When you can do 10–12 reps, touching your head to the floor, increase the range of motion further by placing your hands on raised supports and lowering your head between these. You should eventually be able to go down until your shoulders are level with your hands.
7. Pistol Squat
Pistol squats will develop every muscle in your lower body, as well as improving your balance and co-ordination. Hold one leg straight out in front of you and squat all the way down on your other leg. Then stand back up again, flexing your glutes and abs hard as you pass the parallel position.
Don’t try to do pistol squats straight away if you have never done them before, however, as they place a great deal of strain on the connective tissues. Instead, start off with an easier one-legged squat, such as the Bulgarian split squat (that’s a one-legged squat with your rear foot elevated). And when you are comfortable doing these, you can start working your way up to doing pistol squats.
Then, when you can do 12–15 full range pistol squats, make them more difficult by holding a weight while doing them.
8. Bulgarian Split Squat
This is another excellent leg exercise, but it’s a lot easier than pistol squats. Place one foot up on a bench behind you, and squat straight down as far as you can go on the other leg. You should be getting the top of your leg at least parallel to the floor. Then stand back up again.
When you can do 15–20 of these, you can make it more difficult by holding a dumbbell in each hand. Or you can start working your way up to doing pistol squats.
9. Ab Wheel Rollout
This is a great exercise for strengthening the abdominal muscles. Start by doing them on your knees and simply roll the wheel out in front of you until your arms are straight out in front of your head. Your body should be just a few inches off the floor. Then pull it back in again.
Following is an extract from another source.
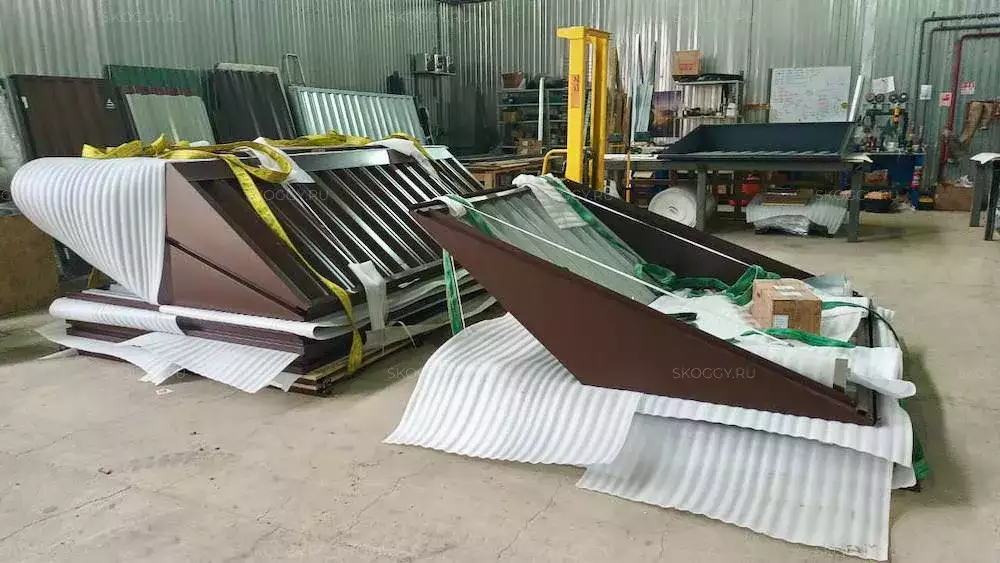 Нами были изготовлены две конструкции 2 м и 6 м с двускатной крышей и торцевой воротной группой в популярном шоколадно-коричневом цвете RAL 8017. Малую постройку дополнительно оборудовали прямым стеллажом с тремя полками и системой хранения инвентаря.

When these become too easy, you can progress to doing them on your feet. Keep your abs braced tightly and your glutes squeezed hard throughout the movement.
10. Hanging Leg Raise
This is one of the best abdominal exercises there is, and it’s particularly good for the lower abs. Hang from a bar and raise your legs out in front of you until they are parallel to the floor, keeping them straight throughout. Return to the starting position and repeat.
This is quite an advanced exercise, so if you find it too difficult, start out by doing them with your legs bent.
And when you can do 15–20 reps with straight legs, you can progress further by continuing the movement beyond parallel, until your feet reach the height of the bar.
So those are my top 10 bodyweight exercises for building muscle size and strength. There are many more of course, and some are so advanced they may take years to master – if you ever do. But these will give you a good start. So, if you’re not already doing so, why not add a few of them into your program starting today? I’m sure you’ll be very happy with the results.